Тихменев вопросительно взглянул на Остен-Сакена:
- Значит…
- Небось, это Санька, - весело перебил его Житков. - Найденов Александр, с гидробазы, летчик. Он тут на беседке оставался покурить.
- Летчик? Так, так… - Барон неопределенно покрутил. пальцами и неожиданно вынул из кармана портсигар; - Кури.
Житков смешался:
- Благодарю покорно, не курю.
Офицеры заговорили между собой по-английски.
- Великолепная идея, - сказал Остен-Сакен: - этот парень может отвезти пакет Терентьеву.
- Вы думаете? - нерешительно спросил Тихменев.
- Он может уйти с корабля, не возбуждая подозрений, - сказал Остен-Сакен и обратился к юнге: - Хочешь получить, двадцать пять рублей, нет, пятьдесят?
- На что мне?
- А что же ты хотел бы иметь? - заискивающе спросил барон. - Что бы ты хотел получить больше всегo?
- Больше всего? - Пашка напряженно думал: - Больше всего? Только этого не может быть…
- Командир все может, - сказал барон. - Командир хочет сделать тебе подарок… Говори же!
- Больше всего?… Браунинг! - мечтательно произнес Пашка. - Да разве его добудешь!
- Ты получишь браунинг, - сказал Остен-Сакен. - Но за это ты должен исполнить просьбу командира.
- Просьба просьбе рознь, - степенно произнес Житков.
- Командир обращается к тебе, потому что знает: ты стоишь взрослого матроса, на тебя можно положиться. Ты мичмана Селезнева знаешь?
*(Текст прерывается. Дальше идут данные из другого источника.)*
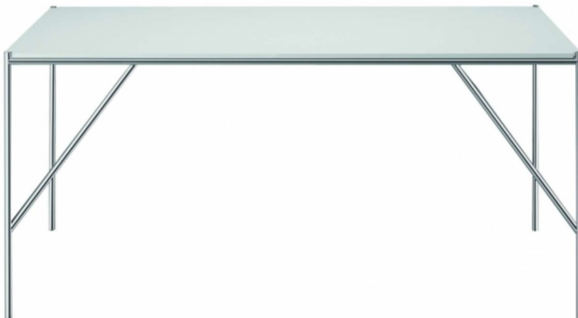
Table with structure in brushed stainless steel 316. Top in white Full Color plywood, satin-finished or white lacquered glass, Full Color milled or HPL-WOOD milled.
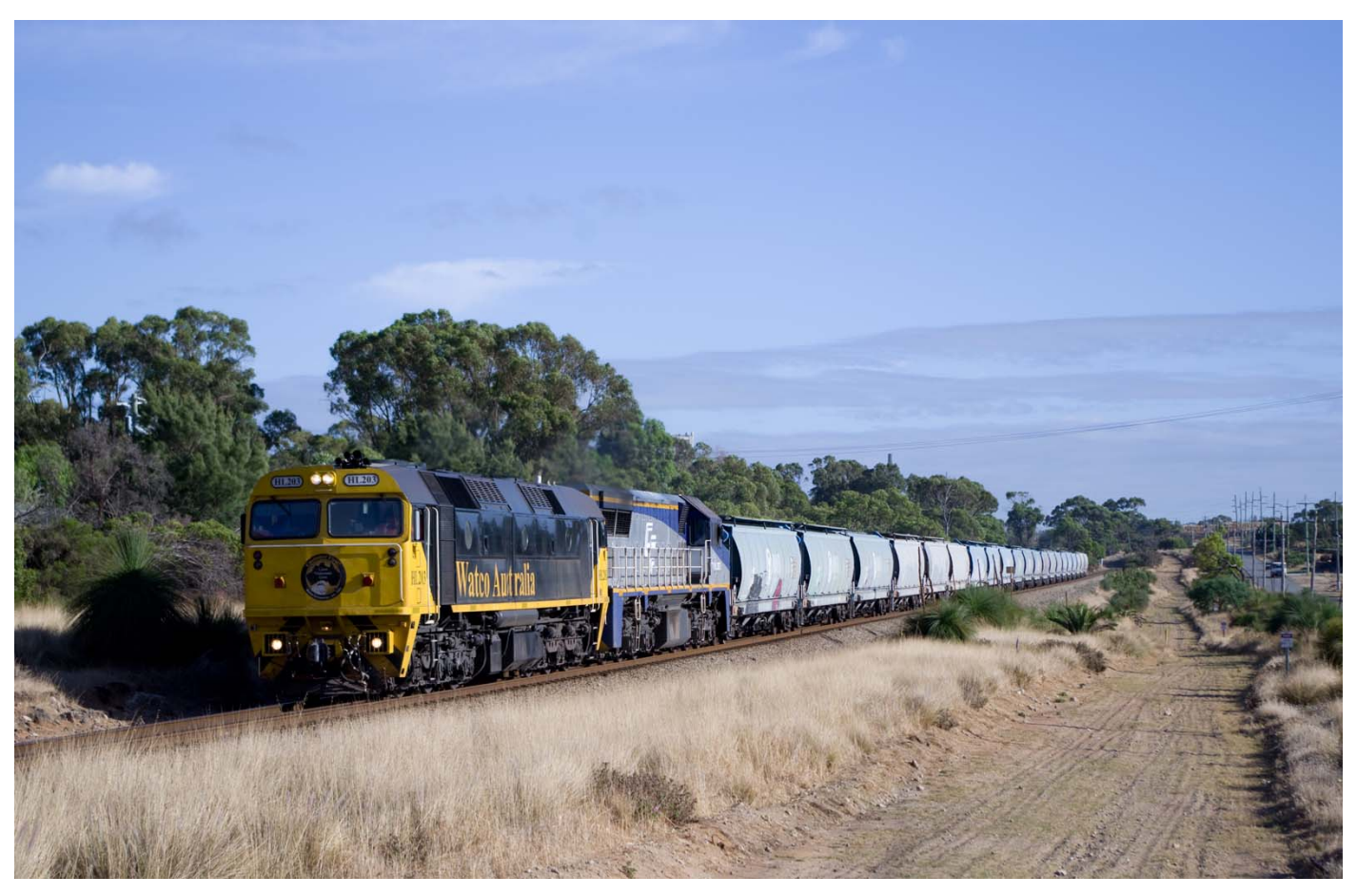
Another unusual combo: HL203 leads VL357 on S354 through Wattleup, 12^{\text{th}} February.
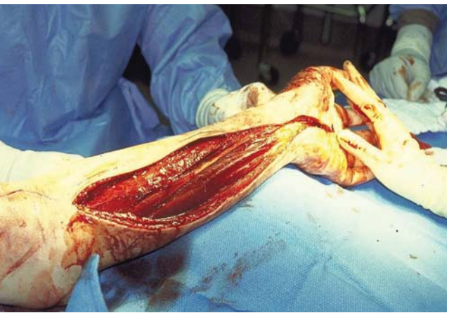
Fasciotomy after bite from a captive Crotalus oreganus hel leri . Figure 2. Intracompartmental pressure is measured in the arm. Figure 3. Intraoperative view of fasciotomy. Fig ure 4. Three years post-bite after skin grafts and muscle transfer.

Consider the ethical justifications in a medical profession already determined to use surgery for other reasons (e.g., to prevent or relieve a suspected "compartment syndrome"; but see below). An averred "muscle necrosis" expiates the damage caused by surgery, and supports the importance of surgery as a valid means of resolving an always uncertain condition. A diagnosed "muscle necrosis" can always be dragged out after the fact even though the surgery itself may have encouraged its development. It is not unexpected that inaccurate or misleading medical reports should find their way into the medical statistics, giving the impression that myonecrosis is rather more common in snakebite than it actually is. Sadly, this may have resulted in many unnecessary surgeries, keeping this expensive and damaging procedure in use as a standard practice. Ultimately, however, the debate over muscle necrosis is less important than the radical methods chosen to deal with it, and vitally, the time-period during when these selected methods are applied. It is this critical time-period that will
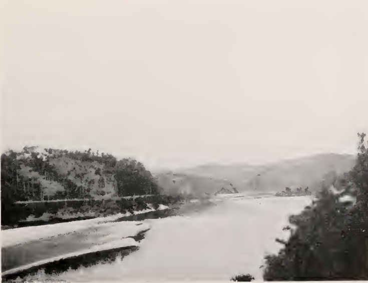
MUMA RIVER ABOVE HSIHSIANG
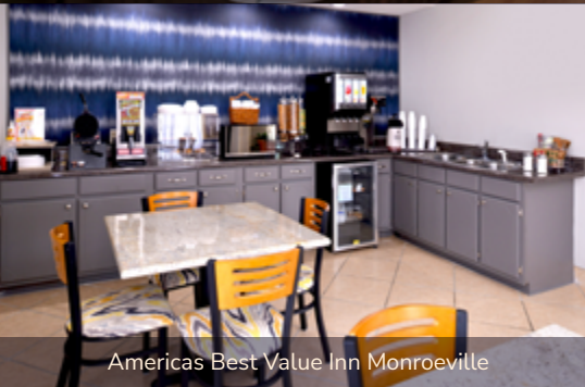
Americas Best Value Inn Monroeville
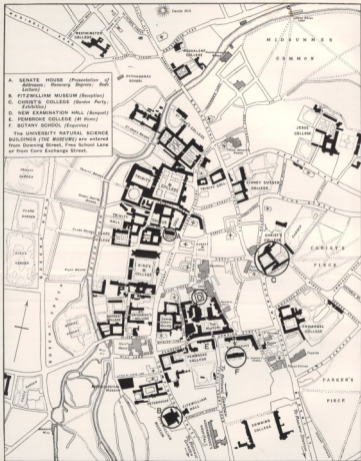
Map of Cambridge

- А то как же… хороший человек.
- Свой?
- Свой, - уверенно сказал Житков.
- Так вот… твой приятель… как его?
- Найденов Санька?
- Вот, вот: Найденов. Он повез сейчас мичмана Селезнева на «Свободную Россию» с важным поручением. Но мичман забыл здесь пакет. Этот пакет нужно доставить вслед Селезневу. Можешь?
- Почему нет?
Тихменев пальцем подозвал юнгу:
- Видишь пакет?
- Так точно.
- Тут важные документы. Приказ о том, как сберечь для России флот, как исполнить приказ Ленина. Доставишь этот конверт капитану второго ранга Терентьеву на «Свободную Россию».
- А вам расписку?
- Мы сделаем так. - Остен-Сакен взял листок и набросал несколько строк: - Вот слушай, что я пишу кавторангу Терентьеву: «Доставившему этот пакет тут же выдайте браунинг с патронами». Понятно?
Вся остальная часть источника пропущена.